Vrijdag 18 januari heeft minister Bussemaker haar voorlopige plannen aangaande de studiefinanciering gepubliceerd. De basisbeurs voor w.o.- en hbo-studenten wordt per 1/9/2014 afgeschaft en de OV-kaart wordt per 1/1/2016 vervangen door een kortingskaart. Voor zittende studenten komt er een overgangsregeling. En kinderen van minvermogende ouders kunnen, binnen een gelimiteerde studieduur, aanspraak maken op een tegemoet­koming in hun maandelijkse lasten (deze ‘aanvullende beurs’ bedraagt momenteel maximaal 252 euro per maand).
Het collegegeld, de overige studiekosten en de kosten van levensonderhoud bedragen voor een uitwonende student al gauw 13.000 euro per studiejaar. Om die kosten te dekken, kunnen studenten een rentedragende lening bij de overheid sluiten, die in principe uiterlijk 17 jaar na afstuderen moet zijn afgelost. De verschuldigde rente is variabel doch lager dan bijvoorbeeld de hypotheekrente. De annuïteiten voor het aflossen van de lening worden naar draagkracht begrensd en de eventuele restschuld wordt kwijtgescholden. Eerdere bezuinigingsplannen om de restschuld pas na 20 of 25 jaar kwijt te schelden, zijn dus van de baan.
In de kamerbrief wordt uitdrukkelijk gesteld dat studenten niet verplicht worden hun studie met een lening te financieren. Niet alleen wordt van ouders verwacht dat ze (afhankelijk van hun draagkracht) in de jaarlijkse lasten bijdragen, maar ook meent de minister dat studenten hun jaarlijkse lasten naar eigen inzicht met inkomsten uit een parttime baan mogen dekken (pp. 5, 11). In dat licht is het verwonderlijk dat de minister geen woord vuilmaakt aan het creëren van studiefaciliteiten voor deeltijd­studenten (bv. aangepaste BSA-normen in de propedeuse, ruimhartige regeling van de geldigheidsduur van behaalde studie­punten, of speciale deeltijdprogramma’s).
Verder is het opmerkelijk dat de minister de hoogte van het wettelijk collegegeld niet ter discussie stelt. Momenteel betalen studenten uit hoofde van het profijtbeginsel 1771 euro per verblijfsjaar, en dat wordt elk jaar verhoogd (met het inflatie­percentage plus 22 euro). Daarmee behoort het Nederlandse tarief tot de top-twee van Europa. Dat kon altijd worden gerecht­vaardigd met het argument dat daar, nog afgezien van de OV-kaart, een substantiële basisbeurs tegenover stond (1.150 euro voor thuis- en 3.200 euro voor uitwonende studenten).
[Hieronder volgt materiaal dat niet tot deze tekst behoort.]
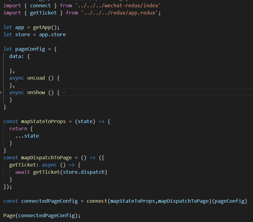 3) 使用connect将上述定义添加到pageConfig中

Maar nu deze compensatie wegvalt, dreigt het collegegeld een excessieve heffing te worden die zijn doel voorbijschiet.

2 reacties op “Kamerbrief studiefinanciering”
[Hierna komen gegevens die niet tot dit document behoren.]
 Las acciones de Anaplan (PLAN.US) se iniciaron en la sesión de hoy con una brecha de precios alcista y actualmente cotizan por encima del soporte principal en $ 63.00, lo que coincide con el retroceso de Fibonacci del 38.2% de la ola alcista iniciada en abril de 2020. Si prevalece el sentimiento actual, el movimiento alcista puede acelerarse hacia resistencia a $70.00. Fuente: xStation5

  1. Voor medische studenten is ook een pijnpunt gelegen in het ontbreken van een stagevergoeding. Als de basisbeurs en de OV-kaart wordt afgeschaft willen ze in het kader van hun masteropleiding een stagevergoeding voor hun coschappen, aangezien ze in die perioden geen tijd hebben voor betaalde baantjes. Ook wordt gepleit voor een reiskostenvergoeding voor hun coschappen bij geaffilieerde ziekenhuizen.